__Data to examine__

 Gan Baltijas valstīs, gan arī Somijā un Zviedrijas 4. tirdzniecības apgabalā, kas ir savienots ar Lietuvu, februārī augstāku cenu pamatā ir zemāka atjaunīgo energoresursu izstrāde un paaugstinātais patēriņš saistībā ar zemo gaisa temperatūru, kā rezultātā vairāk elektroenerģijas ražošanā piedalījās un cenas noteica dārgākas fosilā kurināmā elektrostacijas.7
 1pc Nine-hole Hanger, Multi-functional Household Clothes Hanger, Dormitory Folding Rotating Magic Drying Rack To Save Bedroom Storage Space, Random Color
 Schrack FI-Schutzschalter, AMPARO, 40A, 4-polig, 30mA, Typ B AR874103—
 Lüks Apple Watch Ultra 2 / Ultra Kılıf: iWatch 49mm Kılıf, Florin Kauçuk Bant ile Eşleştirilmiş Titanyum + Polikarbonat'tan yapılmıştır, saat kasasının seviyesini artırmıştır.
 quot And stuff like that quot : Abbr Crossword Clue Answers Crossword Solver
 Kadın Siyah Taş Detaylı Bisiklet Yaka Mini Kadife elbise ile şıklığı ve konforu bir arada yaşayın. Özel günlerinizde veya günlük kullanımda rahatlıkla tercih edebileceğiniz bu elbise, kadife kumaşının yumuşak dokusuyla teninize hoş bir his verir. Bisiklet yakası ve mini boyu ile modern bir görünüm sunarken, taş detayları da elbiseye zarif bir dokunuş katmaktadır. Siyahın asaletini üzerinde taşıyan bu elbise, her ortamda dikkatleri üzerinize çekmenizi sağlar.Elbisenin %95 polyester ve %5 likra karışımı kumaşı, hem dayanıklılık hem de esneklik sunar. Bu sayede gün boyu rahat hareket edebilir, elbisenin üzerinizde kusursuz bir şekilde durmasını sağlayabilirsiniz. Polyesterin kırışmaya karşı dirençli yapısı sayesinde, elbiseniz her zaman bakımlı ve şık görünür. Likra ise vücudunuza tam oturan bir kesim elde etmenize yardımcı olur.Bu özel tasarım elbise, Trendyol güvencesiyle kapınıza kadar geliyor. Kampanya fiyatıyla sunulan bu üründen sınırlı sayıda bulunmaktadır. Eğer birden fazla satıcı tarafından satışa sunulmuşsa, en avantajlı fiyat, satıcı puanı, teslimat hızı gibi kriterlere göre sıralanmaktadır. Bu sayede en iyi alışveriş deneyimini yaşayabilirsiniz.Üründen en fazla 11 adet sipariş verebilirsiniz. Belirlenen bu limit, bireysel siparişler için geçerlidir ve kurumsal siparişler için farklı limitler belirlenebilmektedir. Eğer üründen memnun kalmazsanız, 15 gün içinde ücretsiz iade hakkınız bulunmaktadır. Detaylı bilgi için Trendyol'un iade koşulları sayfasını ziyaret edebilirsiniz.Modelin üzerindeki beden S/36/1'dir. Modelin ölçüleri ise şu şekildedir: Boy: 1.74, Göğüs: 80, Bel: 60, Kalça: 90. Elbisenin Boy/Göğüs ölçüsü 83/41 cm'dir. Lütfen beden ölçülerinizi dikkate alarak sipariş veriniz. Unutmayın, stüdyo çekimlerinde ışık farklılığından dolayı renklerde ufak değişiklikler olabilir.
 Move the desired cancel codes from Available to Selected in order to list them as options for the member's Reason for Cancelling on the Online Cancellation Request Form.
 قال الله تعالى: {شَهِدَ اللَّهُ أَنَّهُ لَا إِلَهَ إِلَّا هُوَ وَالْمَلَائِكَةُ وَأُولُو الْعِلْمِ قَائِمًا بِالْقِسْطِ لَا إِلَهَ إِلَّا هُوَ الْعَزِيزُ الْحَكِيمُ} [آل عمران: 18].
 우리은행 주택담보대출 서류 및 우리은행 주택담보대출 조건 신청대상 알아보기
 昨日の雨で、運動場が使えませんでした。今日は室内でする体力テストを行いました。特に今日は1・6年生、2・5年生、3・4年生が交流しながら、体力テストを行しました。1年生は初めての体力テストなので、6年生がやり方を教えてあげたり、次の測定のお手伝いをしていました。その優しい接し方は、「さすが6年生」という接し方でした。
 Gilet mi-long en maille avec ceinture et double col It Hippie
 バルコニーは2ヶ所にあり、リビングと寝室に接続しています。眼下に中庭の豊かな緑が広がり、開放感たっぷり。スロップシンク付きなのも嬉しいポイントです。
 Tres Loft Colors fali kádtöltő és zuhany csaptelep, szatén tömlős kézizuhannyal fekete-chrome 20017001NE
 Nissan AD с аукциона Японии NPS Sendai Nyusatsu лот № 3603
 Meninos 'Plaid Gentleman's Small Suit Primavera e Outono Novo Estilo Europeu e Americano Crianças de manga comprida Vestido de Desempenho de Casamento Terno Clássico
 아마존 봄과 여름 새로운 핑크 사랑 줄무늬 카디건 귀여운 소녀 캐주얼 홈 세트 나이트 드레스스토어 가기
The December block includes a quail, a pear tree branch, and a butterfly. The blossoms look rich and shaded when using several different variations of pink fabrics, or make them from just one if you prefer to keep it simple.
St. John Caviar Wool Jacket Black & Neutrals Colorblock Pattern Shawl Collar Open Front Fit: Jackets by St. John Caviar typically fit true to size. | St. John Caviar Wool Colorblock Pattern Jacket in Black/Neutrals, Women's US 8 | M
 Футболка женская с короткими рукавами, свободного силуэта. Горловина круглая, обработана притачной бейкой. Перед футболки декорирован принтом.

__Work item__
In these entries, some lines may contain the string "from". Give the number of such lines and nothing more.

__Output of the task__
2